I want the Evo intake, because of the Minnesota winters. With a CAI it would get Salt and liquid salt in a CAI and mess everthing up. If I lived in a warmer weather state it would work(CAI).


----------



## PaulCep (Jul 23, 2007)

*Re: (debo0726)*

i live in illinois, chi-town, what should i do? my cousin form arizona tunes dubs alot and she said to go with a CAI.. from exp'ed driver tuner what should i get regardless of money but will be the perfect fit?


----------



## rishsn (Aug 26, 2006)

*Re: (debo0726)*


_Quote, originally posted by *debo0726* »_I want the Evo intake, because of the Minnesota winters. With a CAI it would get Salt and liquid salt in a CAI and mess everthing up. If I lived in a warmer weather state it would work(CAI).

i saw this http://www.knfilters.com/snowmobile.htm. It reduces the likelyhood of water, salts... being sucked up from the road.
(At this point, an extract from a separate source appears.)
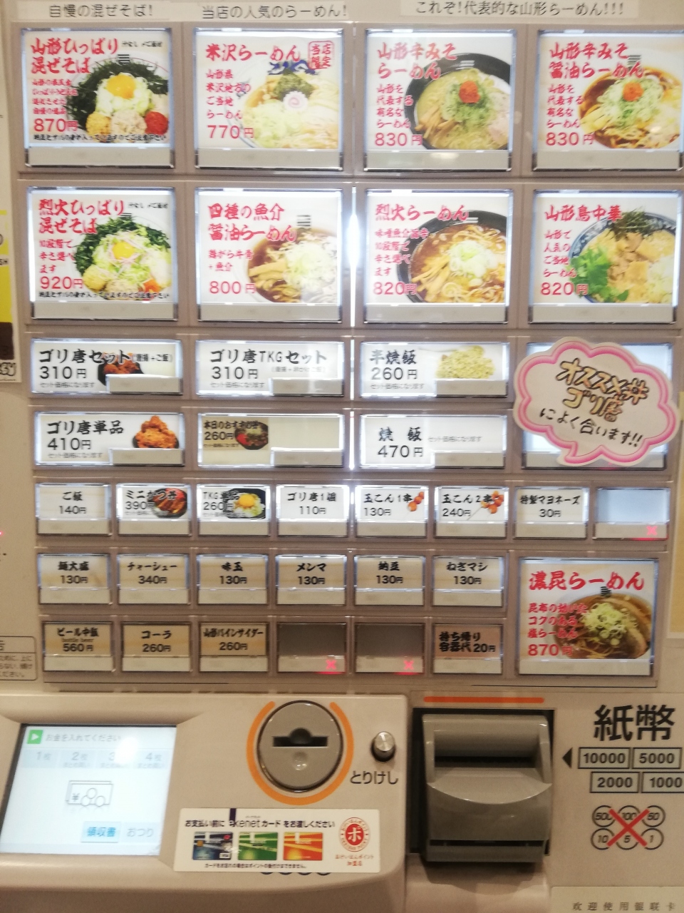 一番カロリーの低そうな米沢ラーメン(770円税込)+半炒飯(260円)を頂きました。あっさりなのに味がしっかりしていて、麺もモチモチで美味しかったです♪食券機で購入してから、席に着くタイプのお店です。店員さんも元気が良くて、気持ち良かったです。
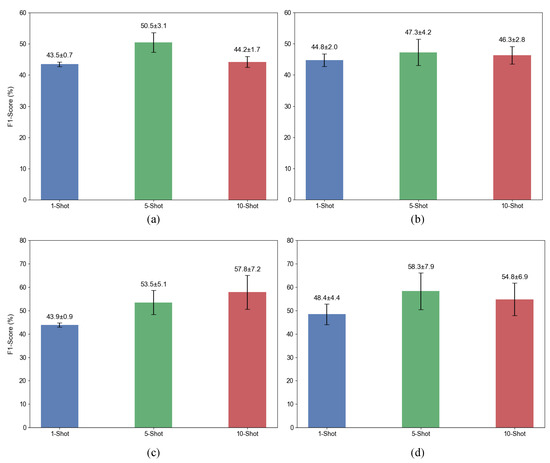 Mean F1 score and standard deviation for the four ablation experiment groups. (a) corresponds to the baseline model, (b) is the baseline model with MA-Branch added, (c) is the baseline model with MAFM added, and (d) is our proposed model.

The only way of getting hydrolock with the sock on the filter is if you drive through a puddle at the same level as the filter.


----------



## dead0narrivel (Aug 7, 2005)

not a bad idea...


----------



## debo0726 (May 18, 2007)

*Re: (rishsn)*

No, it looks like a great idea. But messing around with it ever change of the season. The short ram is for me, had them in my past VW's and they worked great.


----------



## nutbox11 (Dec 17, 2005)

*Re: (dead0narrivel)*

ha didnt even notice. sorry ill leave you alone


----------



## dead0narrivel (Aug 7, 2005)

haha im just playing man its all good...


----------



## rafdiaz (Aug 14, 2007)

*Where do you find LNT info?*

Ok, so I hear all the hype about the LNTcai but this is the only place I can find any literature. Where do you find information about this and where do you go to buy one?


----------